→ Exercise:
Retype the listing below line for line, but only from the line with "Vårens feteste statementgenser" down to the line with "Building upon our", inclusive. Pictures stay out.

→ Records for processing:
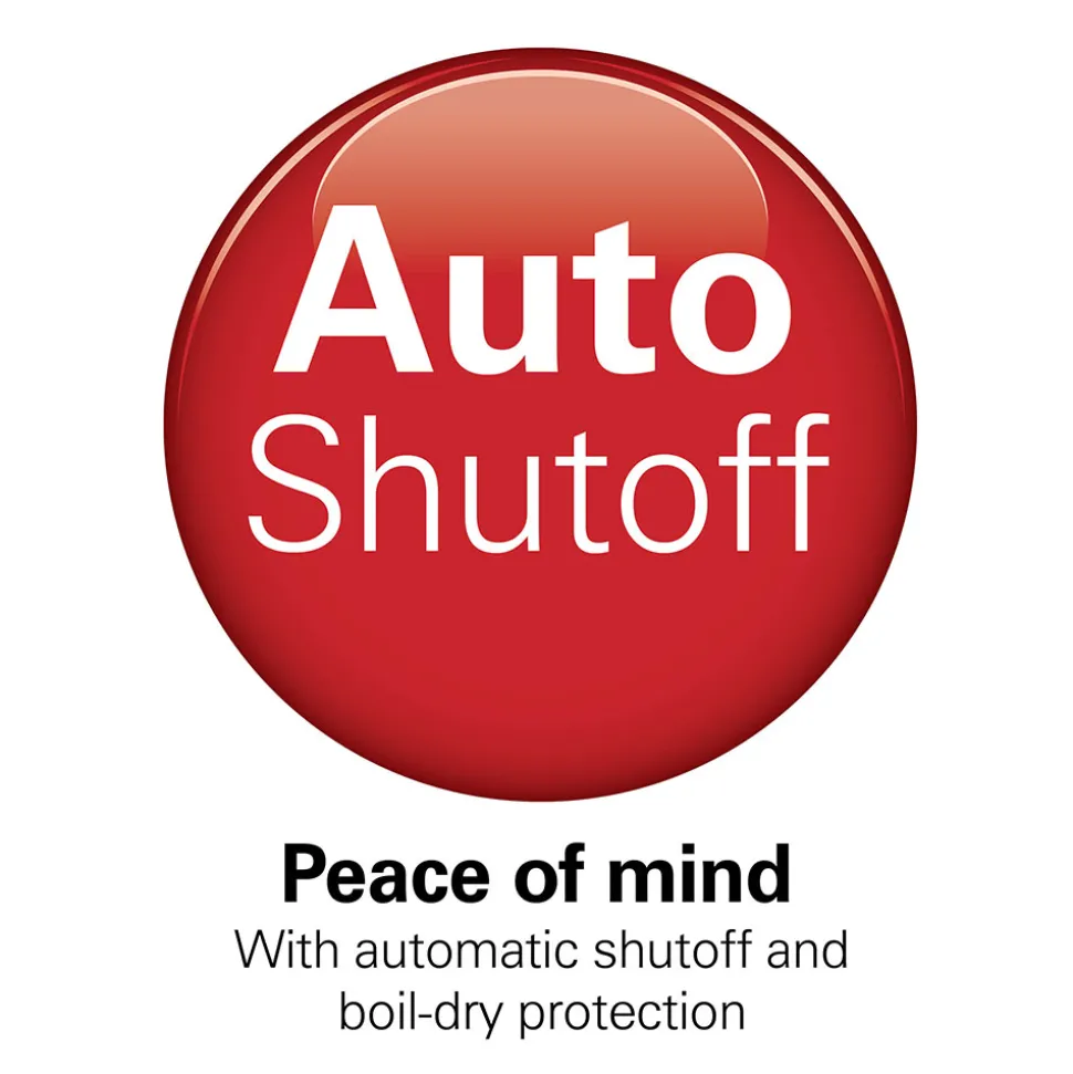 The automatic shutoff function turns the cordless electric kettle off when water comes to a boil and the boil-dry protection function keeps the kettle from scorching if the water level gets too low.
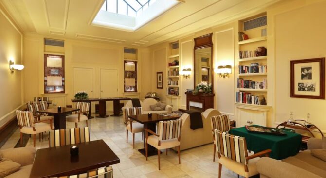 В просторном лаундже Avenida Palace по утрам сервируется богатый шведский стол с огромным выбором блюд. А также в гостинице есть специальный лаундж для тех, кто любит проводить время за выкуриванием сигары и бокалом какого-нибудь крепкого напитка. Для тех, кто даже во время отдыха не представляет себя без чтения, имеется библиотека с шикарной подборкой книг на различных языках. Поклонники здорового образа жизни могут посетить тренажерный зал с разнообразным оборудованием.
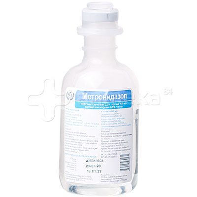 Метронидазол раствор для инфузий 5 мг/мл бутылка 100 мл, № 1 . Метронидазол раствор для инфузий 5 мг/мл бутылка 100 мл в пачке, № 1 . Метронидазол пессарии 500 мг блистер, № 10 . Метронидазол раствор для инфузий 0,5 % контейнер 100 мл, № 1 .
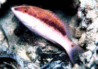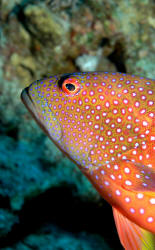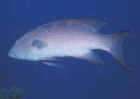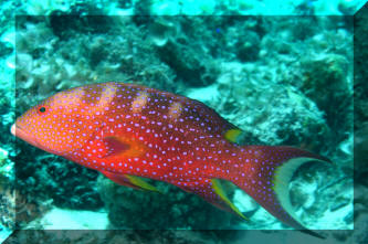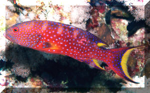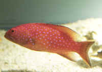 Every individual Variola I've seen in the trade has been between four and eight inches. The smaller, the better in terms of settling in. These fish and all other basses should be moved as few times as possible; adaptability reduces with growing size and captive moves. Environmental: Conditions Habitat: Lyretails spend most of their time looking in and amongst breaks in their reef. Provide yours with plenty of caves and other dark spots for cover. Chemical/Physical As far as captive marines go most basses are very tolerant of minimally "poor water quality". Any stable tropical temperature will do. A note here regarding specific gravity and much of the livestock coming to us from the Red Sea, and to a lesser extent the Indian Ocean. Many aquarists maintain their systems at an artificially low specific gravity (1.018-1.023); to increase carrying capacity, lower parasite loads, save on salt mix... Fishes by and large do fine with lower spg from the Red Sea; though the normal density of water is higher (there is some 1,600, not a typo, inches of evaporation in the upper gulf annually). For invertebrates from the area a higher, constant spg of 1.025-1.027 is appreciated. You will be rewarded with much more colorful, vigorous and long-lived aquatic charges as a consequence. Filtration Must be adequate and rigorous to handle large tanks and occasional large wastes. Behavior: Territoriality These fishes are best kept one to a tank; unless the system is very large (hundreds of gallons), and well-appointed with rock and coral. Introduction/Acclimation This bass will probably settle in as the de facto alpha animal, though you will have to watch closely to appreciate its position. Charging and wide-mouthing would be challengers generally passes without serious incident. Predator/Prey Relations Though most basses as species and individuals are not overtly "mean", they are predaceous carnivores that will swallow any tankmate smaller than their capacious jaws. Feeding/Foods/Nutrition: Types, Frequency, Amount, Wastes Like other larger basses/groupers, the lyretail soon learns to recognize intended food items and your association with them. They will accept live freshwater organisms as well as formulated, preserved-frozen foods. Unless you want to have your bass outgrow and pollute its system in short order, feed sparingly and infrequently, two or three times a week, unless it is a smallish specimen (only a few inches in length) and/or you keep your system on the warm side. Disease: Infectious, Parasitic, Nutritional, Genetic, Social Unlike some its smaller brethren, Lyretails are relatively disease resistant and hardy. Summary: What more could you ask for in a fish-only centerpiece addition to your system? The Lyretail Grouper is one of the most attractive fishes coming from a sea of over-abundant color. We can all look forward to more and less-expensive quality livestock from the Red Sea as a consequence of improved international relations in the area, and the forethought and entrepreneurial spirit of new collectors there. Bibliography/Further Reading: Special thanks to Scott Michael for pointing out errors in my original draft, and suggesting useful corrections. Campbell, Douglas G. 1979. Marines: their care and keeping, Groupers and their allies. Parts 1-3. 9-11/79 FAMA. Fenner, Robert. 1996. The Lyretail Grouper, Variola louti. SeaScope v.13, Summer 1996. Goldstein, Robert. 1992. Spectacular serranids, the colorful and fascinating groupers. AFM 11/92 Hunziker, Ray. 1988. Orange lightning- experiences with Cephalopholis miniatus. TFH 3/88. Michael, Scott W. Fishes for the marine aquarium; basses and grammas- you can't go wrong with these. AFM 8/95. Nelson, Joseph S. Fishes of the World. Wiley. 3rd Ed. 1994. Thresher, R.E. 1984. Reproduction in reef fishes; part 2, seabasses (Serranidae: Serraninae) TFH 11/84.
...
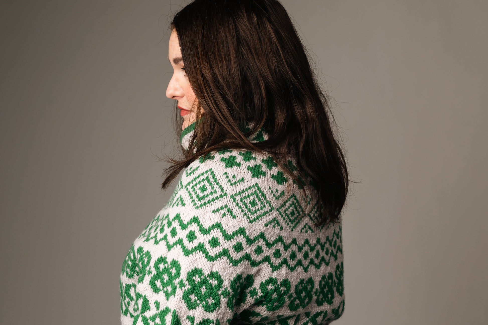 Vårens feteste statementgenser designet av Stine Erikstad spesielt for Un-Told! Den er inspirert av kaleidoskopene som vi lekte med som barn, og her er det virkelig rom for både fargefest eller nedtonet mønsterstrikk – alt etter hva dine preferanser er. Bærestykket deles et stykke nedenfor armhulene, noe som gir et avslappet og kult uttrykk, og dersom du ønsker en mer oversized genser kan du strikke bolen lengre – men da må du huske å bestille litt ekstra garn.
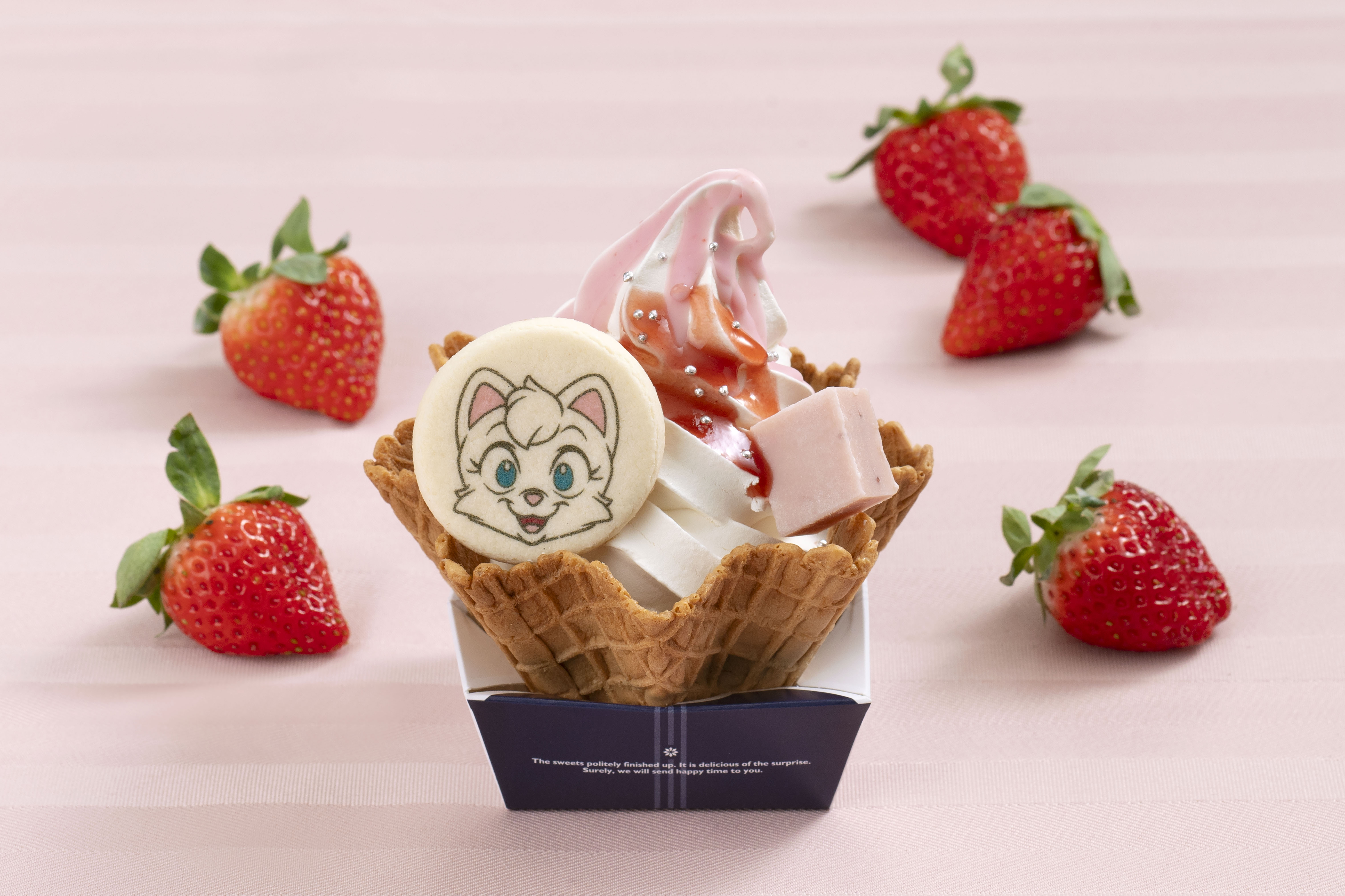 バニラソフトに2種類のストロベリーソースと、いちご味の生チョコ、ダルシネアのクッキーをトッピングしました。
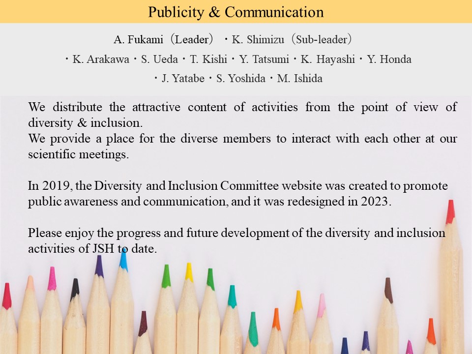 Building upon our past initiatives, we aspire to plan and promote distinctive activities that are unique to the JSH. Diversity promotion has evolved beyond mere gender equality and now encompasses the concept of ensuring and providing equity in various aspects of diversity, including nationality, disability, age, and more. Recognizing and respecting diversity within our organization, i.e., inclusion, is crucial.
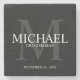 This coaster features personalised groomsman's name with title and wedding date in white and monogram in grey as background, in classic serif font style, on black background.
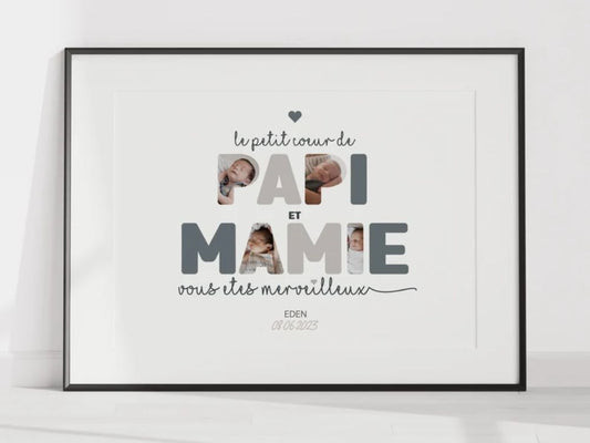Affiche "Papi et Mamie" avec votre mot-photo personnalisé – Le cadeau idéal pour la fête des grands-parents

→ Written answer:
 Vårens feteste statementgenser designet av Stine Erikstad spesielt for Un-Told! Den er inspirert av kaleidoskopene som vi lekte med som barn, og her er det virkelig rom for både fargefest eller nedtonet mønsterstrikk – alt etter hva dine preferanser er. Bærestykket deles et stykke nedenfor armhulene, noe som gir et avslappet og kult uttrykk, og dersom du ønsker en mer oversized genser kan du strikke bolen lengre – men da må du huske å bestille litt ekstra garn.
 バニラソフトに2種類のストロベリーソースと、いちご味の生チョコ、ダルシネアのクッキーをトッピングしました。
 Building upon our past initiatives, we aspire to plan and promote distinctive activities that are unique to the JSH. Diversity promotion has evolved beyond mere gender equality and now encompasses the concept of ensuring and providing equity in various aspects of diversity, including nationality, disability, age, and more. Recognizing and respecting diversity within our organization, i.e., inclusion, is crucial.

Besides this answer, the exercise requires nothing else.